Tables represnt a fixed number of named columns, with each column having it's own data type.

Bytewise Sorting: Unsupported
Compaction: Columns without values will be removed from the buffer durring compaction. If a column never had a value set it's using zero space in the buffer.
Schema Mutations: The ordering of items in the columns property must always remain the same. It's safe to add new columns to the bottom of the column list or rename columns, but never to remove columns. Column types cannot be changed safely. If you need to depreciate a column, set it's name to an empty string.

Table schemas have a single required property called columns. The columns property is an array of arrays that represent all possible columns in the table and their data types. Any type can be used in columns, including other tables.

Tables do not store the column names in the buffer, only the column index, so this is a very efficient way to store associated data.

If you need flexible column names use a map type instead.

{
    "type": "table",
    "columns": [ // can have between 1 and 255 columns
        ["column name",  {"type": "data type for this column"}],
        ["name",         {"type": "string"}],
        ["tags",         {"type": "list", "of": { // nested list of strings
            "type": "string"
        }}],
        ["age",          {"type": "u8"}], // Uint8 number
        ["meta",         {"type": "table", columns: [ // nested table
            ["favorite_color",  {"type": "string"}],
            ["favorite_sport",  {"type": "string"}]
        ]}]
    ]
}

More Details:

Using NP_Table data type

list

Lists represent a dynamically sized list of items. The type for every item in the list is identical and the order of entries is mainted in the buffer. Lists do not have to contain contiguous entries, gaps can safely and efficiently be stored.

Bytewise Sorting: Unsupported
Compaction: Indexes that have had their value cleared will be removed from the buffer. If a specific index never had a value, it occupies zero space.
Schema Mutations: None

Lists have a single required property in the schema, of. The of property contains another schema for the type of data contained in the list. Any type is supported, including another list. Tables cannot have more than 255 columns, and the colum names cannot be longer than 255 UTF8 bytes.

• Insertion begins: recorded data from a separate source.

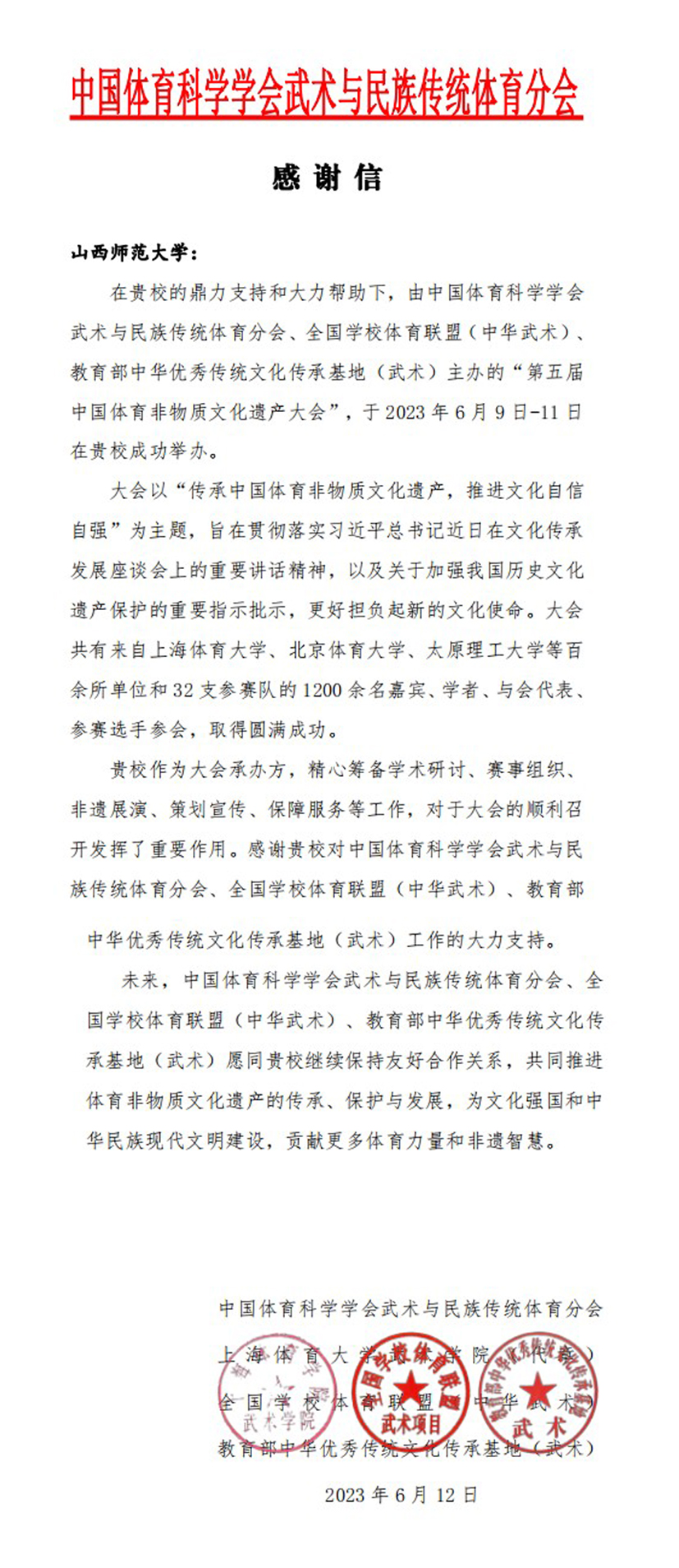 近日,公司收到中国体育科学学会武术与民族传统体育分会、全国公司体育联盟(中华武术)、教育部中华优秀传统文化传承基地(武术)的感谢信,向公司精心筹备学术研讨、赛事组织、非遗展演、策划宣传、保障服务等工作方面所作的贡献表示衷心感谢。
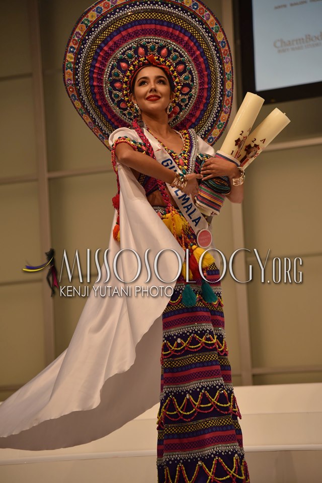 Đại diện Guatemala mang lên sân khấu bộ trang phục dân tộc sặc sỡ sắc màu mà những người phụ nữ của quốc gia mình thường diện trong những dịp tế thần linh quan trọng.
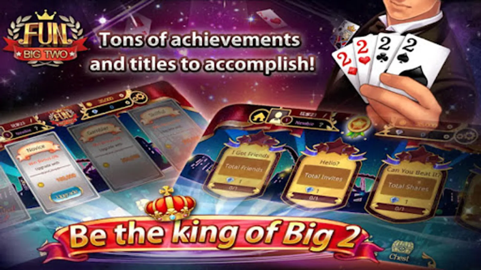 Don't hold back – delve into Fun Big 2 today! With the offline mode available, you can relish this classic card game wherever you wish. Enhance your abilities, complete milestones, and accumulate rewards as you ascend the ranks. Fun Big 2: Card Battle Royale is here – download now for the most thrilling card game experience ever!
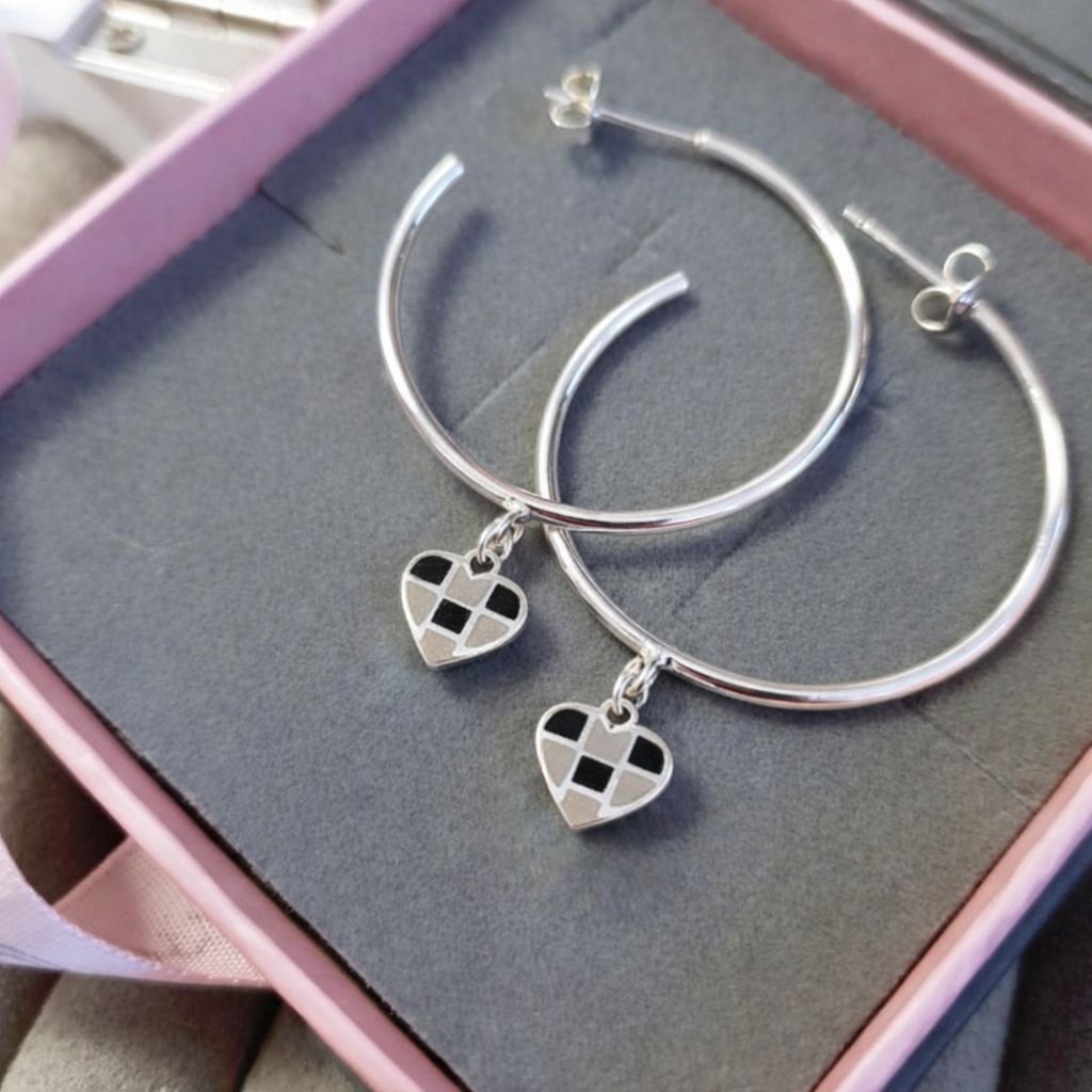 They measure 3cm in diameter, and are crafted to be lightweight so they do not weigh your ears down like some large hoops do. They feature dangling sterling silver tiny chequered hearts that have been so popular in our motorsports collection! These are the perfect treat to yourself, or gift to a friend or loved one- we all know someone who just LOVES their hoops! These beautiful earrings will come packaged in Alyssa Smith branded packaging with added, biodegradable sparkles- how cute!

The more items you have in a list, the slower it will be to seek to values towards the end of the list or loop through the list.

// a list of list of strings
{
    "type": "list",
    "of": {
        "type": "list",
        "of": {"type": "string"}
    }
}
 
// list of numbers
{
    "type": "list",
    "of": {"type": "int32"}
}

More Details:

Using NP_List data type

map

A map is a dynamically sized list of items where each key is a Vec. Every value of a map has the same type.

Bytewise Sorting: Unsupported
Compaction: Keys without values are removed from the buffer
Schema Mutations: None

Maps have a single required property in the schema, value. The property is used to describe the schema of the values for the map. Keys are always String. Values can be any schema type, including another map.

If you expect to have fixed, predictable keys then use a table type instead. Maps are less efficient than tables because keys are stored in the buffer.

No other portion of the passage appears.